The headless concept is, as Pfeiffer wrote, cheaper over the long term because there are no unreliable legacy systems to try to maintain or scale.

It is also much more agile as microservices can be changed and auto-scaled up without going through expensive, unwieldy upgrades, thanks to automatic updates pushed through the cloud.

Global research house Gartner says that while the set-up is more challenging and expensive than buying a single software system, the adoption of headless technologies is accelerating as commerce companies demand more flexibility and agility: they want the option of a range of different APIs and services to meet customer demands.

The company that invented the concept of headless commerce is Munich-headquartered commercetools, which Gartner named a leader in its 2020 Magic Quadrant report that identifies companies with vision and ability to execute.

‘‘All commerce capabilities are exposed through APIs and each API can be consumed independently, making commercetools’ solution one of the few commerce offerings to adhere to microservices architecture principles. This benefits users by enabling only those APIs required to meet business needs to be consumed,’’ the report said.

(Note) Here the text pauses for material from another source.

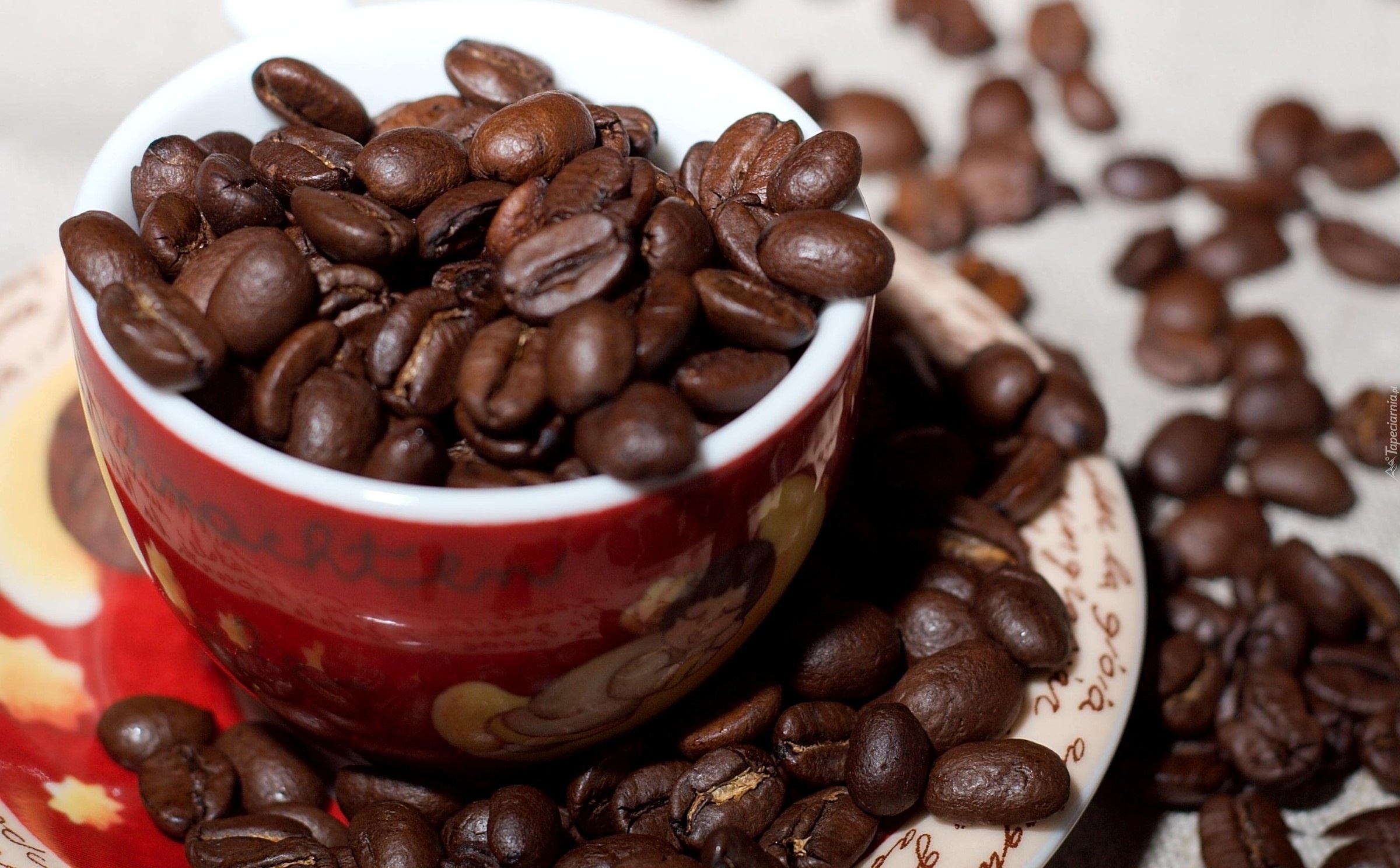Edytor tapety: Spodek, Filiżanka, Ziarna, Kawy

‘‘Its eponymous headless commerce solution is . . . aimed at large, complex organisations – a typical customer has over $100 million in GMV annually.’’

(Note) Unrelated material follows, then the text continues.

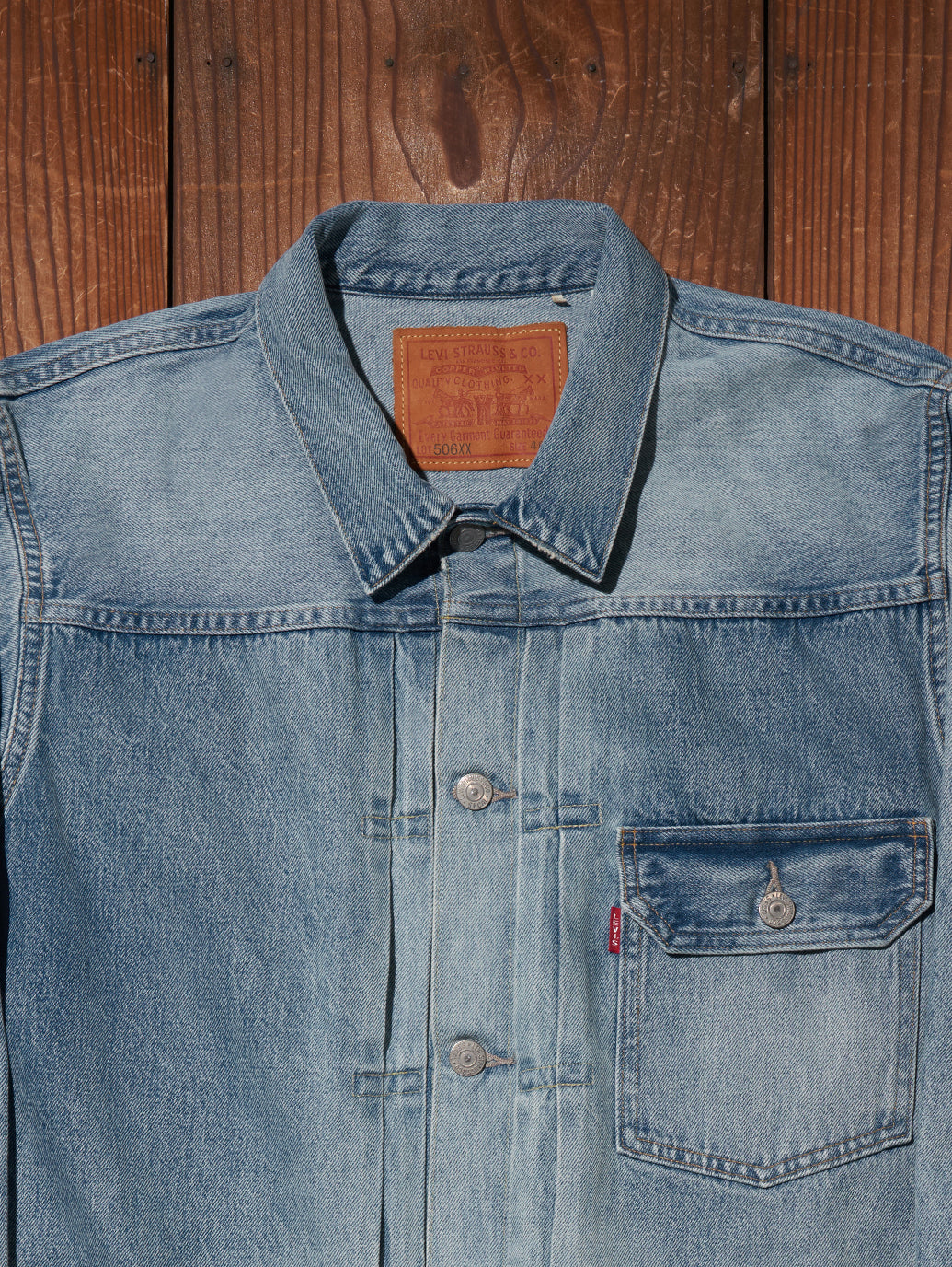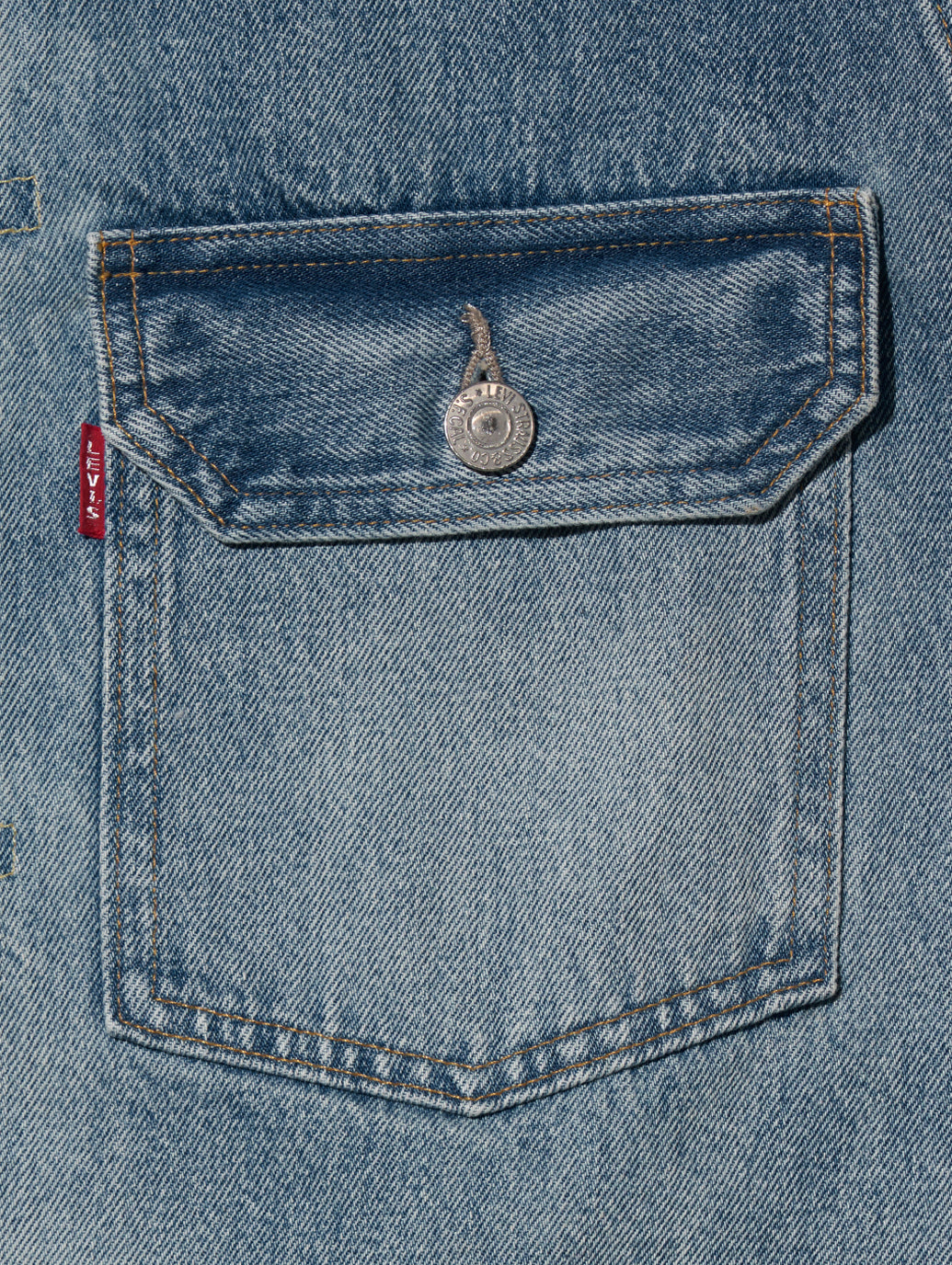 オリジナルに忠実に、このジャケットには、ダブルのプリーツが入った前面、シングルの胸ポケット、露出した銅のリベット、調節可能なフィットのための銅製のプロングが付いたシンチバックなど、特徴的なディテールが施されています。1936年は、Big ""E"" Red Tab™ が Levi's® 製品に追加された最初の年でもあります。

Commercetools was founded in 2010 by German entrepreneur Dirk Hoerig. It was spun off from its parent, German grocery company REWE, in 2019 and promptly raised $US145 million from private equity firm Insight Partners.

It added Australia to its operations in more than 30 countries in March 2020, signing up Qantas as the first local customer, says commercetools territory director, APAC, Joshua Emblin.

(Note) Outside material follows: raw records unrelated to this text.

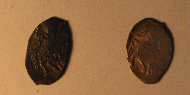QUOTE(Strannik @ May 26 2009, 20:15) вот такая чешуя..предполагаю что МихФед..только непонятно.В гк не нашел всадника с мечом и в плаще...подскажите,может быть плохо искал.... Почему с мечом? Обычные копейки МФ № 602 и № или 611 или 621 (все же больше склоняюсь к 611) |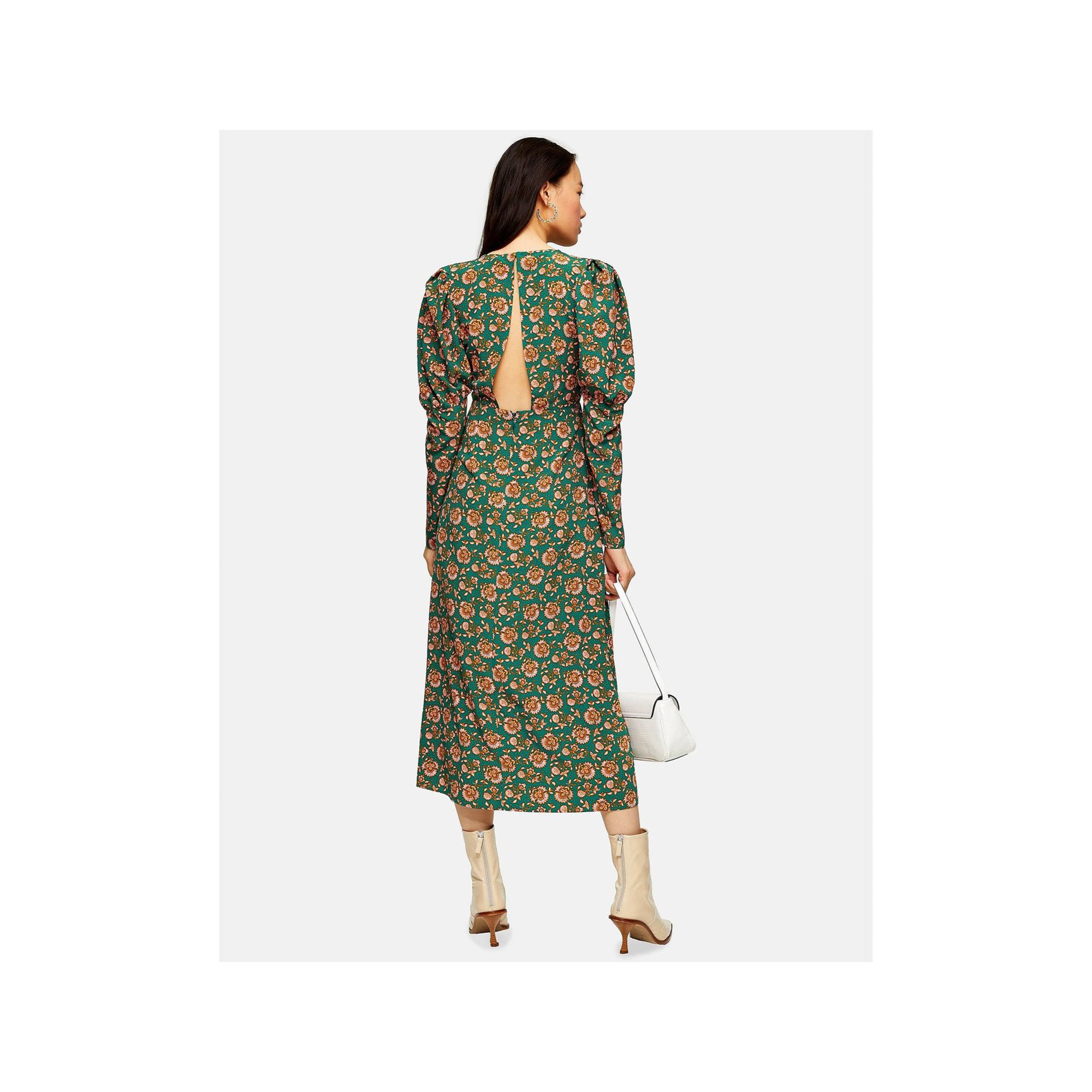フラワープリントとパフスリーブがレトロなムードのロングワンピース。ウエストの絞りやフロントのスリット、背中の開いたバックなど随所で女性らしさが際立つデザインです。ライダースやロングコートを羽織っても存在感があり、ワードローブが一気に華やぐ一枚。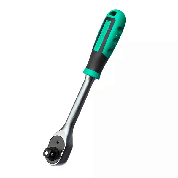 Трещотка изготовлена из закаленной хром-ванадиевой стали, устойчивой к механическим нагрузкам.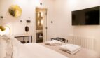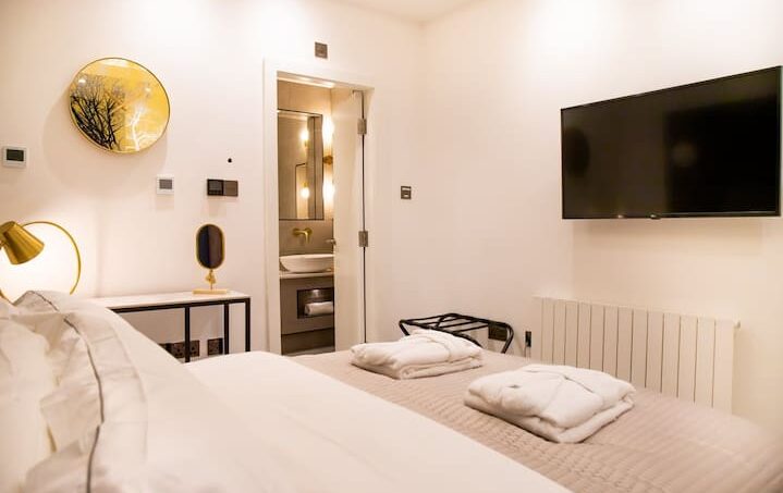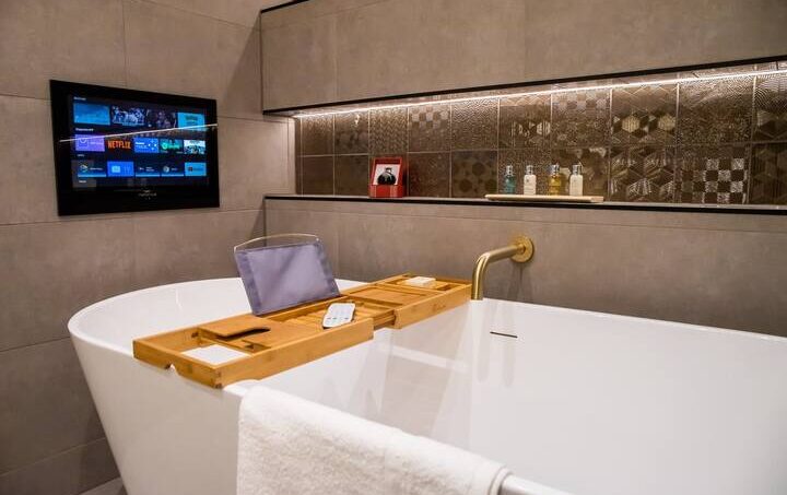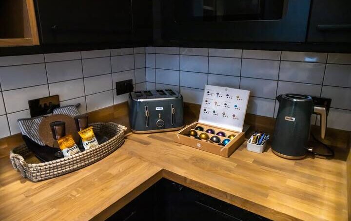 Indulge in the ultimate luxury experience with our 1 bedroom apartment, located in the heart of Kirkgate LS1. This stunning apartment on the 1st floor of Kirkgate Suites, is designed to impress with its perfect blend of style, comfort, and convenience. Step inside and be amazed by the attention to detail, from the fully equipped kitchen with a washing machine and fridge freezer, to the elegantly furnished bedroom with a comfortable double bed. Relax in the stylish living room, perfect for unwinding after a long day. And don’t forget to pamper yourself in the luxurious bathroom with his and hers sinks and a free-standing bath tub with a built in smart tv, complete with fresh luxury towels, high-quality linen, and premium toiletries.

It has grown quickly in the ensuing months, adding Kmart Australia, optometrist Bailey Nelson, Breville, Baby Bunting and Koala to a broader clutch of new Asia-Pacific customers, building out a client base of more than 250 major commerce companies worldwide.

‘‘COVID-19 accelerated the need for headless technology,’’ Emblin says.

‘‘Businesses realised they needed to be able to innovate and evolve faster as a result of the pandemic, and continuing to work within legacy commerce environments no longer gave them that freedom and flexibility.

‘‘Headless commerce has become more mainstream over the last 18 months.’’

Emblin says commercetools provides a platform that is more scalable, more flexible and better at catering to large spikes in traffic volume than a single overarching legacy system, and at a lower cost than an incumbent platform as it can pass on savings from working in cloud environments, as well as reduce entry costs.

The beauty of deploying individual microservices for different use cases is that companies can pivot quickly when customers’ expectations change, he says, while open-source, software-as-a-service APIs allow for a range of people to make modifications with a pay-as-you-go model, rather than significant annual licensing and support fees.

All of which allows companies to create or adopt new innovative ideas faster.

‘‘Where headless comes in is breaking apart the project and the software into smaller and more consumable pieces that then gives you the freedom and flexibility to easily manage and maintain these going forward,’’ Emblin says.

‘‘It means you can make smaller step changes along the way instead of having to do a big back-end transformational project.’’

Commercetools invented the concept, and it’s at the forefront of a radical change in the way commerce software is being deployed.

Everyone else, as Emblin says, is now playing catch-up.